Cionondimeno, non appena prova a esprimere la sua legittima irrazionalità, le parole di cui dispone per comunicare sono già irrimediabilmente contaminate dalla causalità sottostante al principio di non contraddizione.
Il destino della chiesa è quello già proposto da Heidegger per l’uomo che sceglie di non piegarsi: la sposa di Cristo deve vincere la tecnica inventando un nuovo linguaggio. Nel Kali Yuga non si pretende che questa torni a parlare la lingua degli uccelli, ma se non tenterà quantomeno di recuperare il potere che il Verbo le ha concesso riservandosi di avere ragione sulla scienza non per giudizio ma per verità rivelata, la sua sorte è già segnata.

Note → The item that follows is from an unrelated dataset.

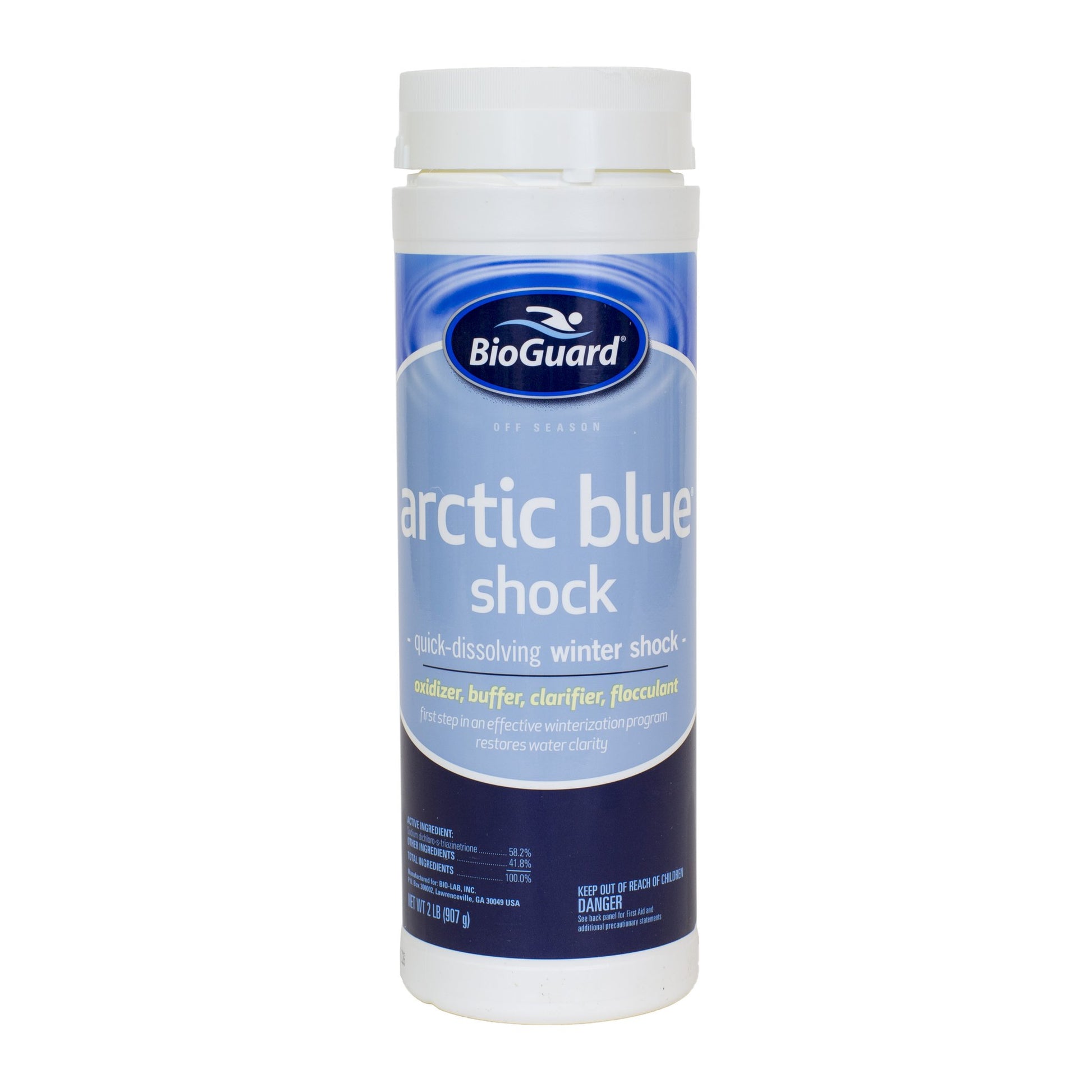 - Arctic Blue Shock oxidizes and clarifies the pool water through the off-season and is ideal for all types of pool surfaces.
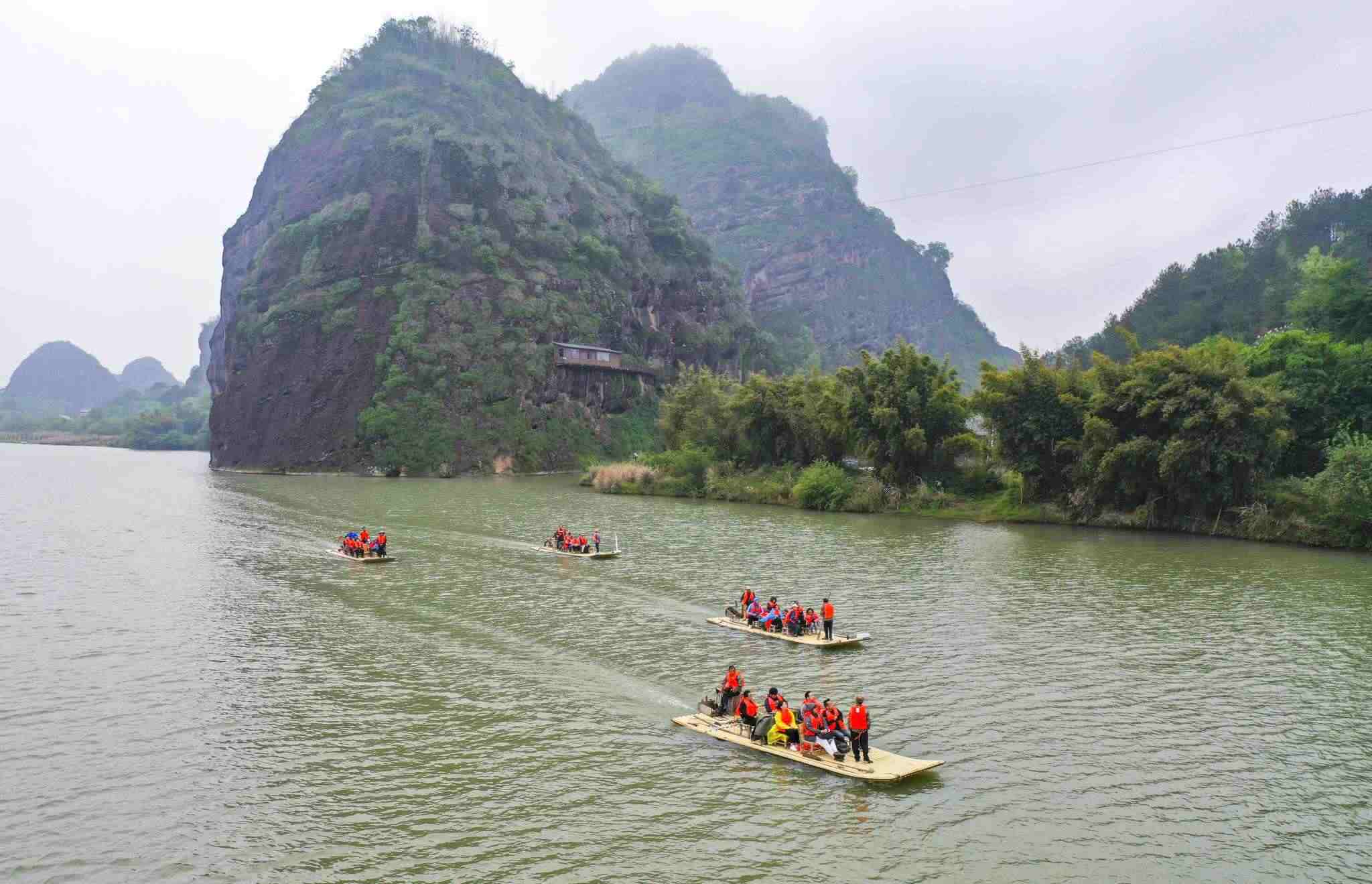 2023年4月13日,江西鷹潭,龍虎山景區(qū),游客們乘坐竹筏觀光賞景。視覺中國

Nemmeno deve però commettere l’errore di incespicare nell’insidioso terreno della logica scientifica, perché il diavolo è principe di questo mondo. Ben venga la teologia, ma si abbia il coraggio di scoperchiare uno spiraglio sull’Essere, affinché la luce dello Spirito sciolga l’illusione scientista.
Essere veglia nel sonno, luce nel buio, pazzi nella ragione. E’ questo, d’altro canto, il più prezioso degli insegnamenti di Cristo.